I too have my reservations about the social sciences, and I am not talking about comparing affect as a dependent variable with plant growth, or vaccine response. They cannot be compared in my opinion. What I am talking is how INCREDIBLE it is that we work with human beings. That we can learn from them. That we can be critical and intentional, and careful, and purposeful about the data we gather from them. That we can communicate that data with our colleagues and back to our students.

​All this talk about grades, and alternative forms of assessment, and the myriad of other hippie forms of providing feedback are only part of the solution. Grades are important. They are dependent variables that provide us with data to better understand the humans we work with. How we use grades must be changed. Their presence is powerful. The power they play in judging our human students must be changed. The assessments that yield the grades have been designed by artists, teachers, and are powerful. 

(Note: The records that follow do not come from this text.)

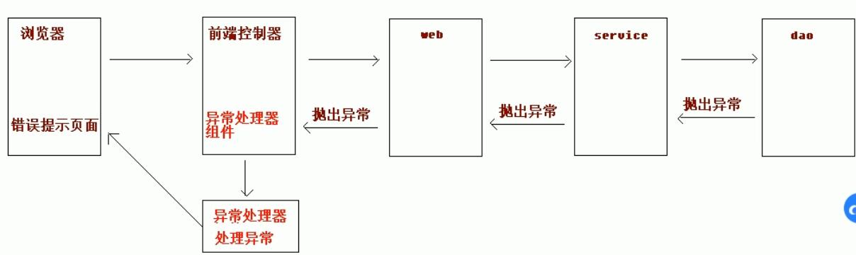 Controller调用Service,Service调用Dao,异常处理从下层往上层抛,最终有DispatcherServlet找异常处理器进行异常的处理。
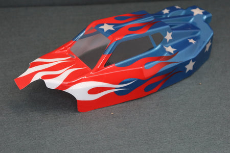 It is professionally custom airbrush painted for Rotor Ron by Bryan Johnston. He has many years experience painting bodies and does awesome work, this is no exception. His skills were put to the test and the end result is nothing short of amazing! This body will turn heads and make you stand out from the crowd and also allow you to see your car on track easier. The pics do not do the paint work justice.
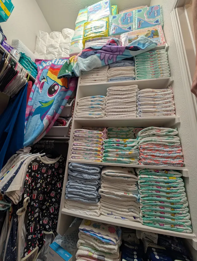 proud baby happily showing her diaper stash 😍 How do you store your diapers?
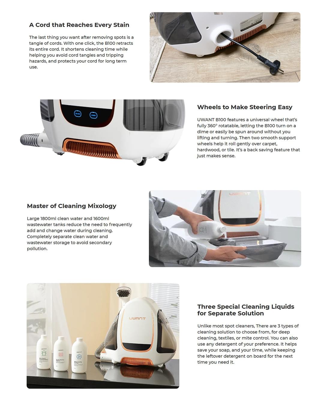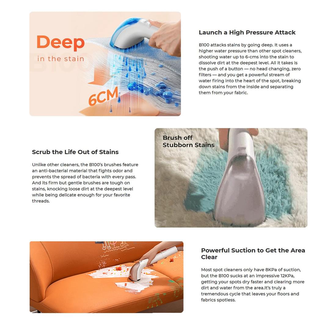 Znamo da uklanjanje mrlja može biti konstantna mukotrpna borba jer je tvrdokorne mrlje teško ukloniti, a boriti se s njima ručno još je teže. Nositi tepihe i pokrivače na čišćenje ili ih prati vani zasigurno nije optimalno rješenje. Zato predstavljamo UWANT B100-E, revolucionarni čistač mrlja koji se bori protiv njih na način na koji drugi čistači mrlja ne mogu.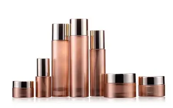 Флакон 50 мл стекло окрашенный в комплекте с дозатором алюминиевым и золотой крышкой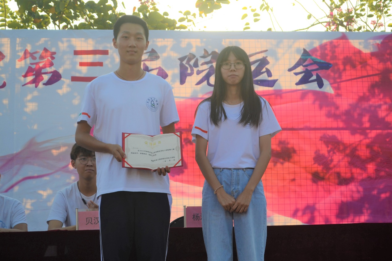 各项比赛结束后,闭幕式上为本次院运会中表现优异的班级进行颁奖:
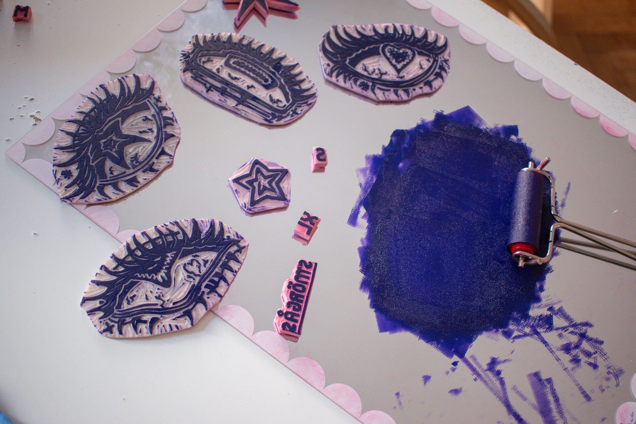 Block printing with lino cuts – my latest obsession. Each piece is carefully designed and handcrafted by me. Take a look at my Block Printing gallery to see how your clothes are made! <3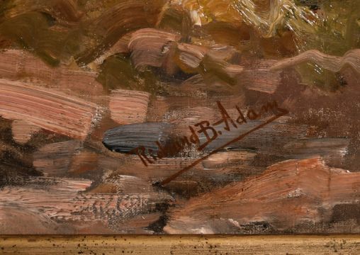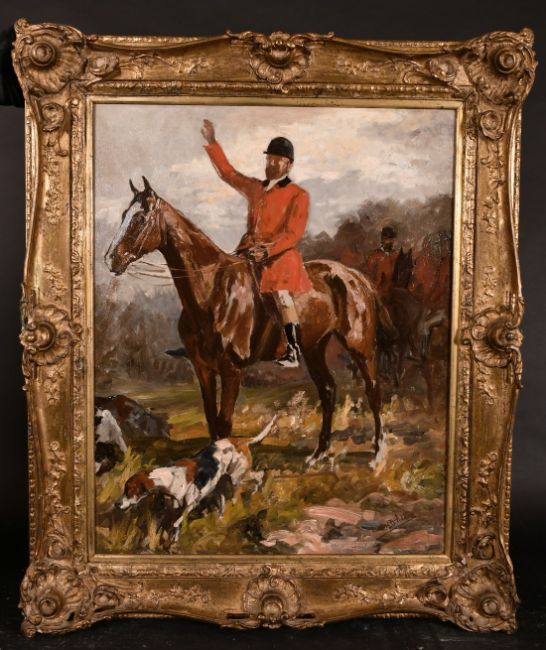 Richard Benno Adam (1873-1937) German, A scene of huntsmen and their hounds in a open field, oil on canvas, signed, 29.5" x 23.5", in a fine gilt composition frame.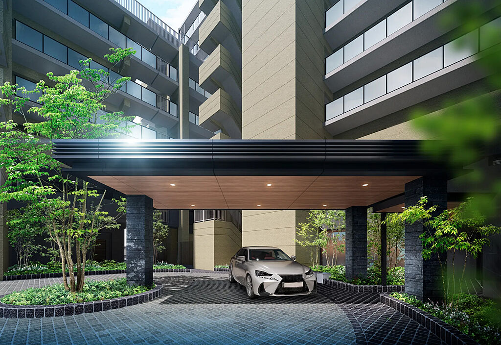 大規模レジデンスとしての品格と風格を纏いながらも、低層住宅が並ぶ街並みにやさしく寄り添う造形美。アースカラーを基調とした落ち着きある3棟が景観に溶け込み、陽光に映えるガラス手摺を採用することで、全方位に美しい印象を宿しました。

All of this is to say that I want to be more intentional about the information I gather form my students. I want to investigate more. To use my background in science to conduct more research in my is classroom. To be transparent with that need with my students. To listen to those pressing questions in my head, and try to answer them. To be intentional about it. My students are amazing mediums to seek those answers. They are honest. Really honest. This amazing career I am blessed to have is worth it. 

Below are five of the many Action Research questions I want to try to answer in the upcoming semester in partnership with my students. Many of the questions below represent things I assume I know the answer to and/or I am too proud to admit I am wrong. 

1. Can student curiosity be directly measured? 
2. What is the most common critical moment when my lessons go from bad to good? 
3. Would my teaching change if I asked for anonymous feedback from students daily?
4. Are student portfolios in science better than a standard lab notebook? 
5. Do my students really learn more about chemistry from hands-on lab activities?
6. Are lab activities better conducted before or after lectures? 
7. Are demonstrations as powerful as lab activities for promoting conceptual understanding?